With hopes of garnering “greater educational investments throughout [Philadelphia’s] more than 200 schools and improved educational outcomes for students and [reversing] enrollment declines,” the School District of Philadelphia felt that closing these thirty schools was the best decision at the time. Financial support for public school districts is steadily decreasing. Education districts are always closing schools and essentially abandoning students in hopes of saving costs: “Logistics and finances were at the heart of the closure campaign. As the city lost population and many students started to choose charter schools, district officials were left with a problem: too many buildings, too few students. District officials said they needed to “rightsize” to cut costs.” In practice, “rightsizing” looked like defunding education across the city: “In September 2012, the district’s Chief Recovery Officer, Thomas Knudsen, released a five-year financial plan that included a recommendation to close approximately 40 schools at an expected annual savings of $33 million.” By April of 2013, “24 schools were approved for closure by the School Reform Commission. These closures, along with grade reconfigurations and co-locations, [were] expected to eventually achieve $24.5 million in annual savings.”

Along with the school closures, the 2013 “school budget stripped Philly schools of all non-legally mandated personnel, resulting in zero secretaries, assistant principals, counselors, librarians, and classroom assistants. Also zeroed out were all sports, extracurricular and gifted programs, and book and supplies money. Summer negotiations over teachers’ contracts are underway, with the district demanding more than $131 million in givebacks and eliminating most teacher protection.”

Furthermore, Public school closures heightened charter proliferation campaigns. As the thirty public schools were closed, charter schools were opened. Specifically, in 2012, the Philadelphia School Reform Commission’s transformation blueprint proposed closing one-fourth of the district’s schools while dramatically expanding the number of students enrolled in charter schools.

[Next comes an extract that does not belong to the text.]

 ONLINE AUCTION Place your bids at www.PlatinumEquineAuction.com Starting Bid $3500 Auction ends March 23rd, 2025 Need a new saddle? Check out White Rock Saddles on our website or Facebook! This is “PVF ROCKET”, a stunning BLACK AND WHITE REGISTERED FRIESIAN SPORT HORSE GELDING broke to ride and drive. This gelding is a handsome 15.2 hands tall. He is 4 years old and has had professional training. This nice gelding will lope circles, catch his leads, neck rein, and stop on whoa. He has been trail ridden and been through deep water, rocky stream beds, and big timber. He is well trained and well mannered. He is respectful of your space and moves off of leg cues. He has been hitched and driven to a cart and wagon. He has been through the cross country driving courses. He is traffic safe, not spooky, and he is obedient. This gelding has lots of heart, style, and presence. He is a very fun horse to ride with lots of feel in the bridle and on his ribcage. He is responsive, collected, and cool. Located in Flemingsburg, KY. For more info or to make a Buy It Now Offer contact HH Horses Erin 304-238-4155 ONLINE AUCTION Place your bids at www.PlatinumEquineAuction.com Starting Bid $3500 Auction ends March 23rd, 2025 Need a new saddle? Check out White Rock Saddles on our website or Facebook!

In the years leading up to the school closures, the school district reported that they had “lost 50,000 students to charter schools over ten years [, and] so many schools are only half full, and downsizing can save $28 million a year and make the remaining schools stronger.” Inadvertently, this push to open charter schools did not save the city money as they had initially hoped. If anything, the city had increased expenses to cover the overflow of students entering their new schools. In early February of 2014, the city faced an “extra $25 million in unbudgeted costs associated with increased enrollment in charter schools. Charters have enrolled 1,600 more students than allowed by their agreements with the district.”

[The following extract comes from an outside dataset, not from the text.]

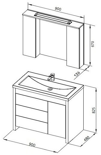 - Комплектация: Тумба с раковиной (фаянс) 177118, ножки, ручки, корзина для белья.
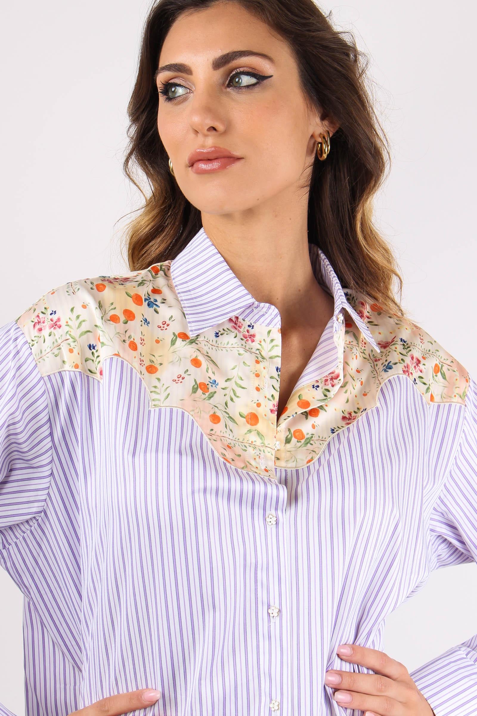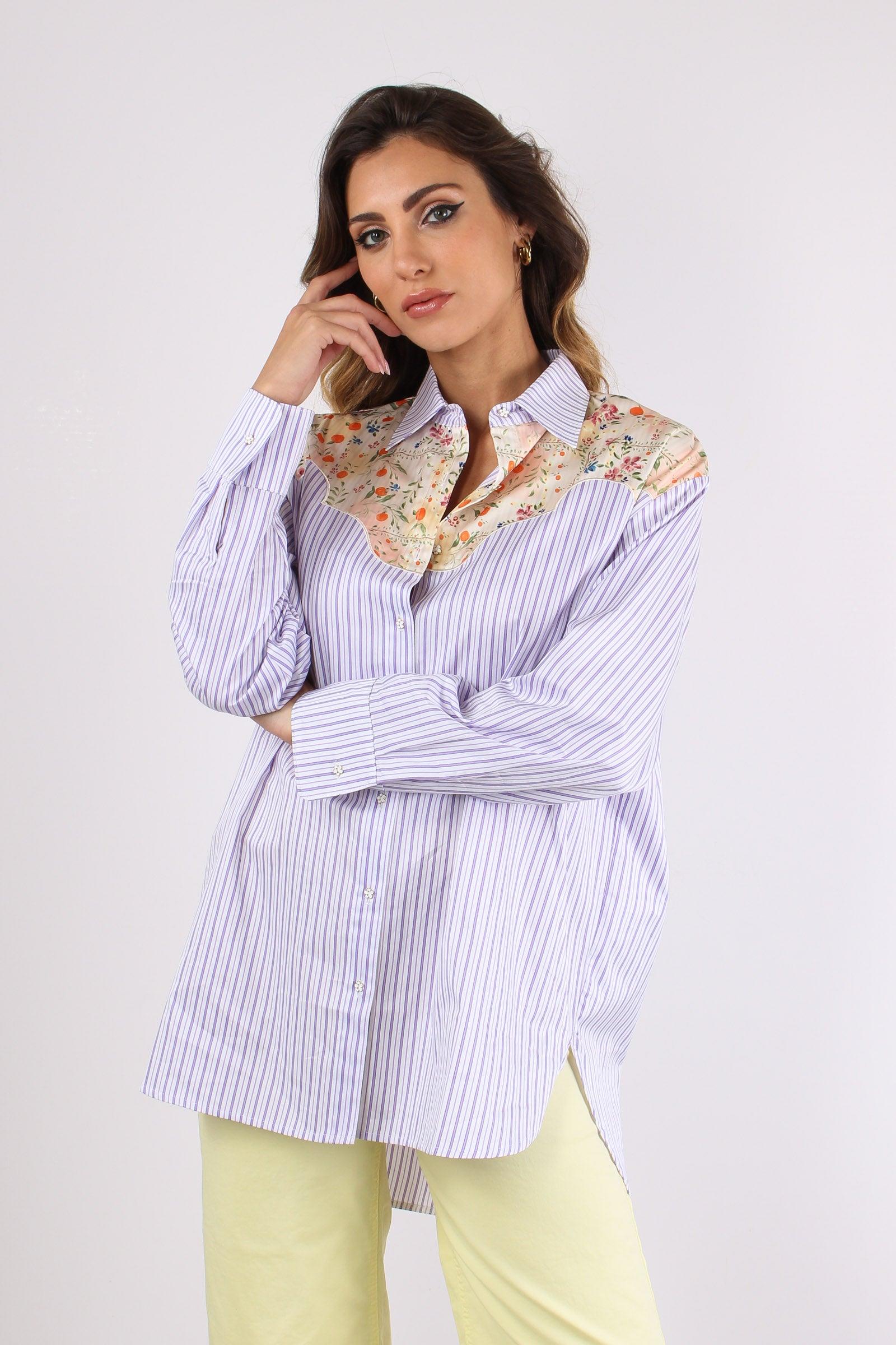 sincere Camicia Riga Inserto Fantasia Bianco/lilla

At large, the United States education system has a history of closing schools in an attempt to “turn them around” or use that funding to strengthen others. In Philadelphia, school closures have pushed more students to learn under the confines of Philadelphia’s forthcoming neoliberalist approaches to education. The privatization of schools has not made a positive impact on the low-income and African American communities in Philadelphia. The school district of Philadelphia incorporated neoliberal school reform models into its education system through its implementation of “hyper accountability-” the micromanaging of educators- and “hyper standardization” practices. It was more cost-effective to incorporate neoliberalism approaches. As demonstrated in “They Schools: Culturally Relevant Pedagogy Under Siege,” the state took full governance over the education system and highered outside support to train their teachers and staff, which went “neoliberal educational context, [and further foregrounded] academic success while ignoring the development of students’ cultural competence and sociopolitical consciousness, has had a deleterious effect on vulnerable student populations, particularly Black youth.”

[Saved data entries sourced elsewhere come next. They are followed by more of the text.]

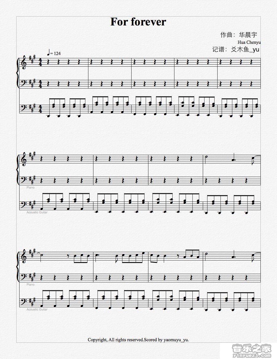 华晨宇《Forforever》钢琴谱,采用C调指法编配,共有1张高清图谱,免翻页排版设计。...
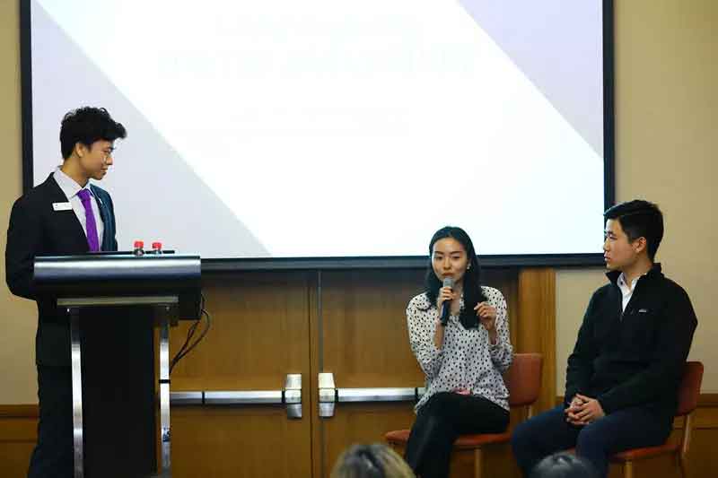 随后,交流会由2018级苏世民学者黄尔诺主持。毕业于康奈尔大学的2018级苏世民学者戴安棋和毕业于耶鲁大学的王安迪分享了他们的申请经验以及在御宅屋 学习与生活的心得体会。
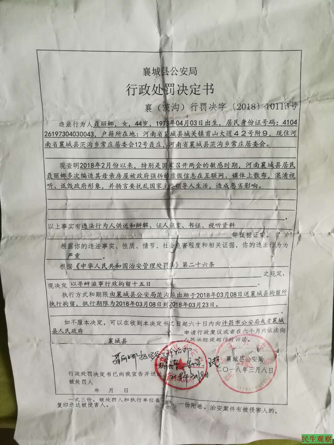 3月7日,两人被强行带回户籍地茨沟派出所审讯,之后母亲黄妙云被释放回家,而聂丽娜却于次日(3月8日)被以寻衅滋事为由行政拘留十五天,其《行政处罚决定书》中提到,现查明——聂丽娜自2018年2月份以来,特别是在国家召开两会敏感时期,多次编造其母亲房屋被政府强拆的虚假信息在互联网、媒体上散布,混淆视听、诋毁政府形象,并扬言要扰乱国家主要领导人的生活,给社会造成了恶劣影响,公安部门决定给予其行政拘留十五天。
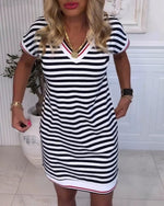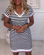 Aumora V-Neck Contrast Striped Dress
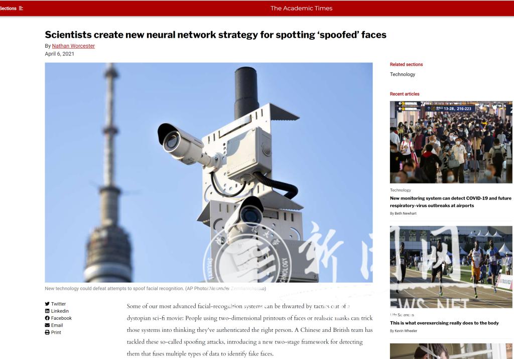 近日,英國主流媒體Academic Times在先進技術(shù)欄目中刊登了“Scientists create new neural network strategy for spotting ‘spoofed’ faces”一文,該媒體聲稱當前最為先進的人臉識別系統(tǒng)面臨3D人臉硅膠和2D照片欺騙的威脅,來自中國陜西科技大學(電智學院雷濤教授)和英國Brunel University London(電氣與電子工程學院Asoke K. Nandi院士)的研究團隊利用多模態(tài)數(shù)據(jù)構(gòu)建二階深度神經(jīng)網(wǎng)絡(luò),成功解決了這一難題,該模型在多個主流的3D人臉數(shù)據(jù)庫上測試,平均識別率超過97%,研究成果發(fā)表在國際權(quán)威期刊IEEE Transactions on Cognitive and Developmental Systems,該成果由國家自然科學基金委與英國皇家學會國際合作交流項目資助。
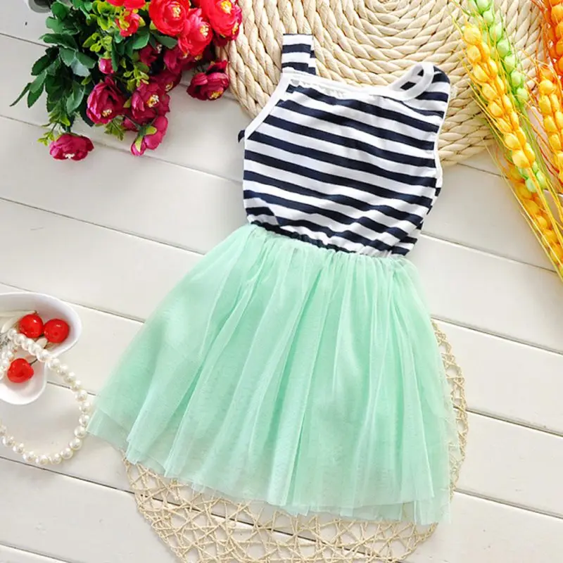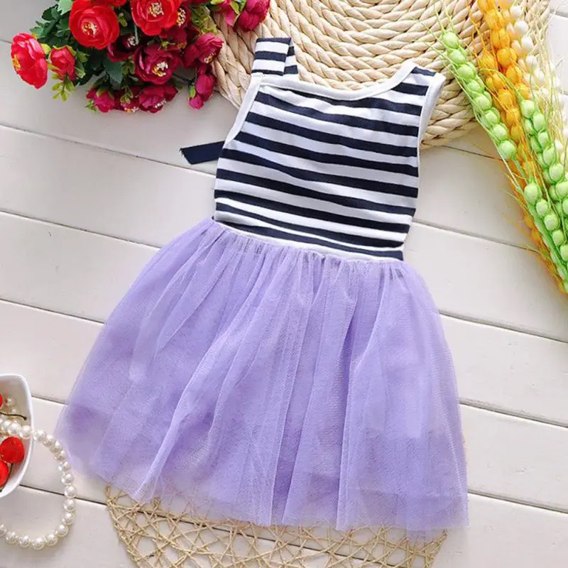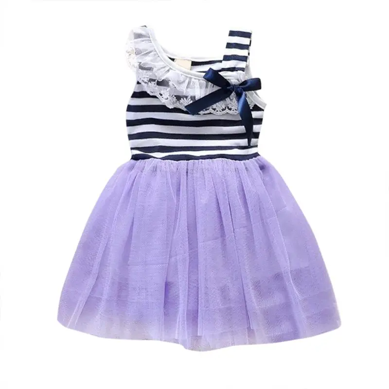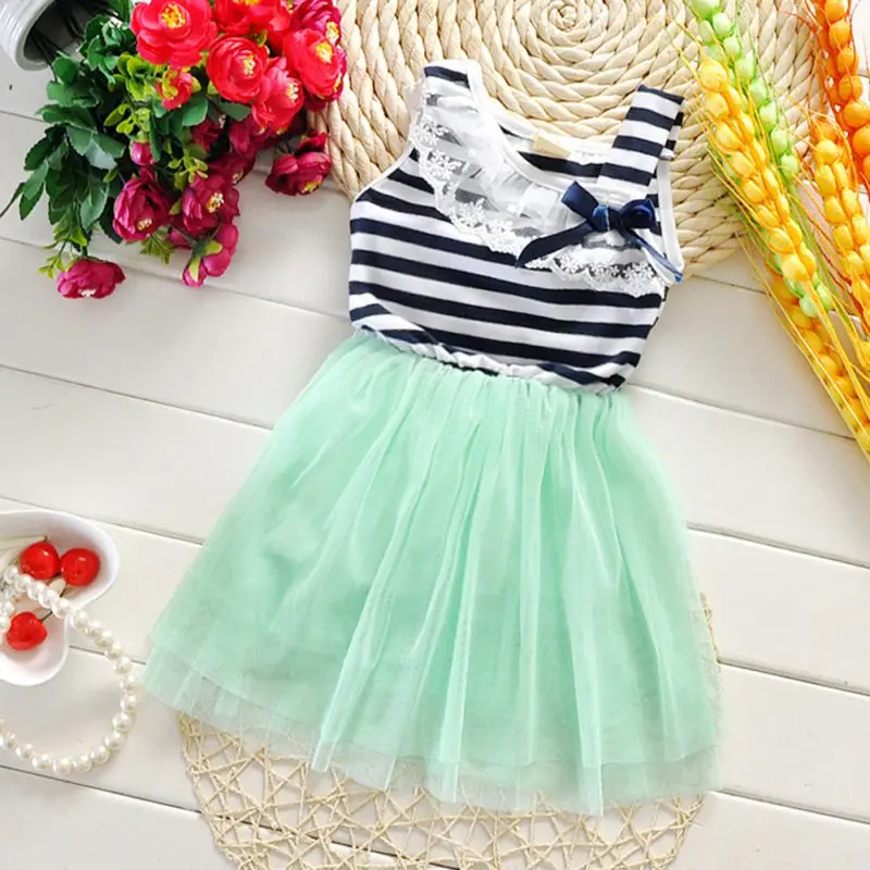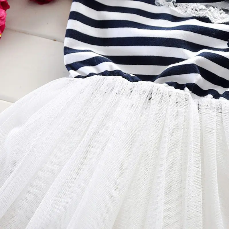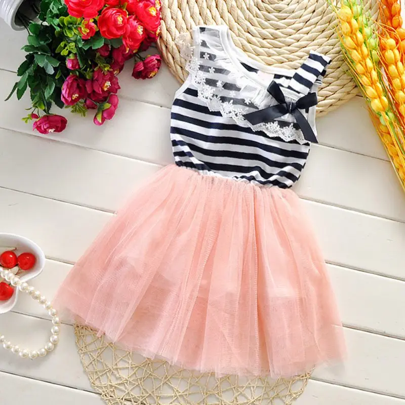 summer 2017 New baby girl ball gown dress lace+cotton material Bowknot Striped Bubblet Tutu Dress 0-2Y

Moreover, the discussion around the expansion of charter schools rarely extended much beyond the goal of increasing standardized test scores, which only put more negative pressure on schools and their students. Standardization has played a significant role in school closures. One account from a former elementary school principal summarizes how schools sometimes operate solely based on standardized tests. The principal goes on to note that “in the elementary schools… performance on tests comprises 85 percent of the A–F grade. Schools are closed, and principals are removed based on the PR, and it therefore deeply influences what resources go to our children. Choking on these limited valuations of her worth, the whole child can hardly survive in such a system.” All in all, the school closures and charter school expansion represented significant changes to the complex environments of school districts and the communities in which they occurred.